Alie is a recommendation engine for online gaming platforms that use on-site behavioral targeting for suggesting games. It studies the user profiles and other aspects like - games played/purchased, total playtime, ratings, reviews, interactions, and suggests games based on the similarities. Alie can also help you keep the players engaged with suggestions like “new arrivals”, “most played”, “most purchased”, etc.
Alie offers a variety of algorithms that you can implement as per your requirement and hook them at the right places on your platform. Alie offers Algorithms like - Most Played, Most Purchased, Other user’s choice, End-user interaction, etc.
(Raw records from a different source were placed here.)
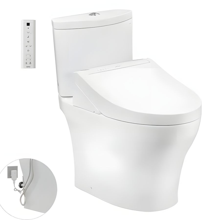 Điều khiển từ xa tiện lợi: Bồn cầu đi kèm remote cầm tay màu trắng (nhấn cơ) với 2 chế độ người dùng, dễ dàng tùy chỉnh mọi chức năng.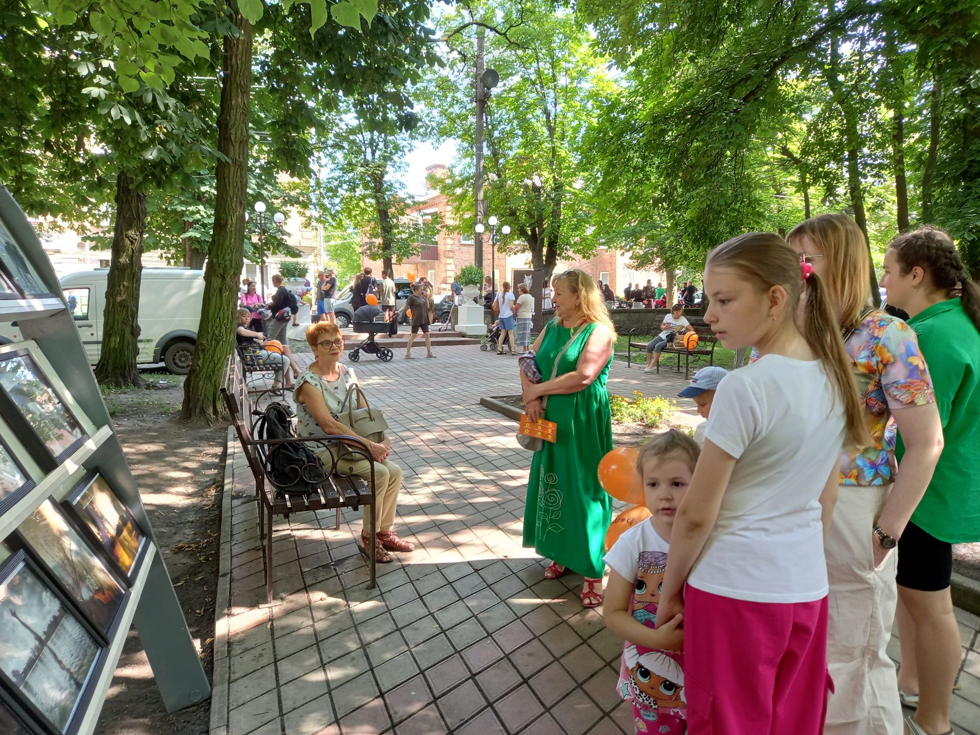 По інший бік алеї оформили міні-виставку «Дім. Земля. Рідний край». Це світлини, які зняв козятинський фотограф Антон Черняк. Директорка музею історії міста Лілія Макаревич знайомить з його роботами усіх, хто підходить подивитися фото.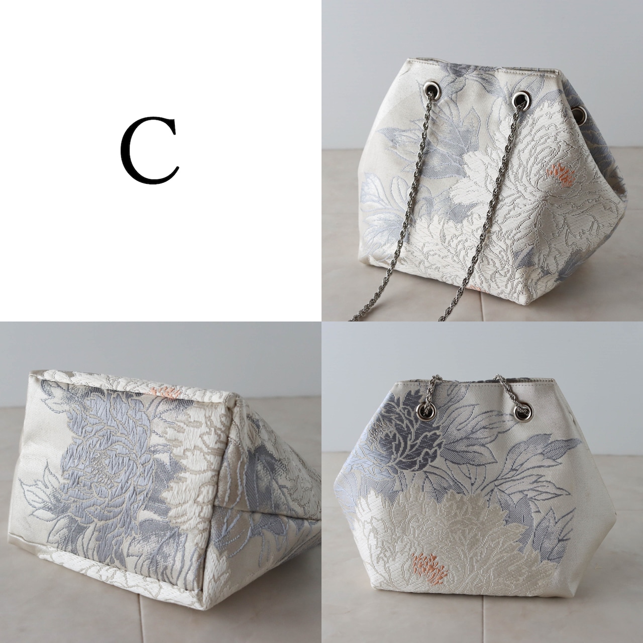 Obi Drawstring Bag Cube /白銀牡丹/silver peony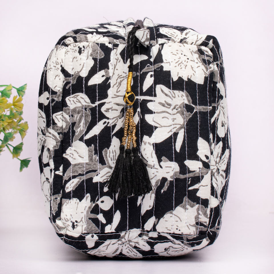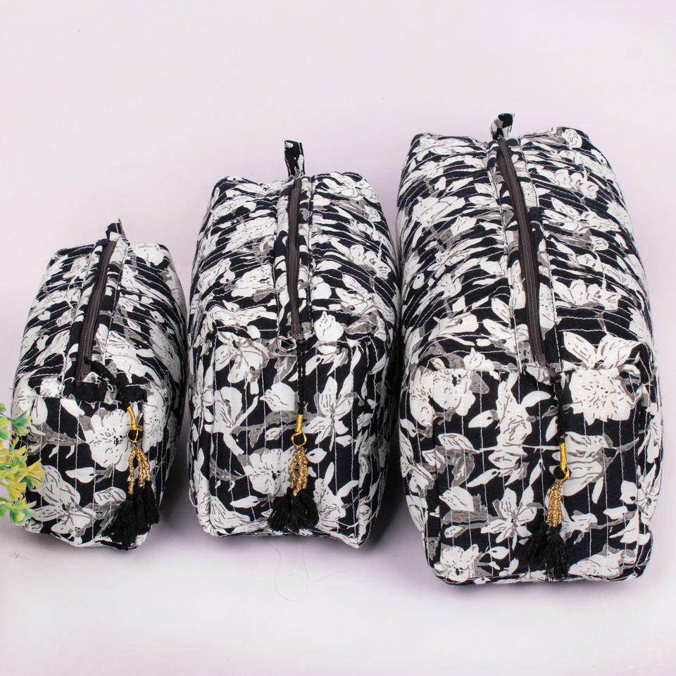 กระเป๋าเครื่องสำอางแบบพกพาขนาดใหญ่ลายดอกไม้ผ้าฝ้ายแบบควิลท์เป็นมิตรกับสิ่งแวดล้อม สำหรับเดินทาง ใช้ได้ทั้งชายและหญิง เหมาะสำหรับใช้เป็นของแจกส่งเสริมการขาย

Alie analyzes your user’s choices and games they are playing frequently. You can use Alie for showing your most recent games in the same genre as recommendations. You can use nomenclature like - “newly launched”, “just arrived” or “New game suggestion for you”
More the time people will spend playing games on your platform more likely they will make in-app purchases. Though it also depends on how the games are designed and whether have strategies to drive in-app purchases. But certainly, the relevant gaming recommendations will urge people to play the recommended games.
Behavioral data is the most important data which Recommendation Engines can use for suggesting games to your users. The online gaming industry has access to detailed data about how players interact with the games. Alie can use this data to discover underlying patterns and create users profiles and groups to recommend the games.
There are various ways with which you can engage the gamers on your platform. Recommendations are one of the ways with which gamers tend to stay longer on your platform. Better the recommendations more will be the time spent by gamers.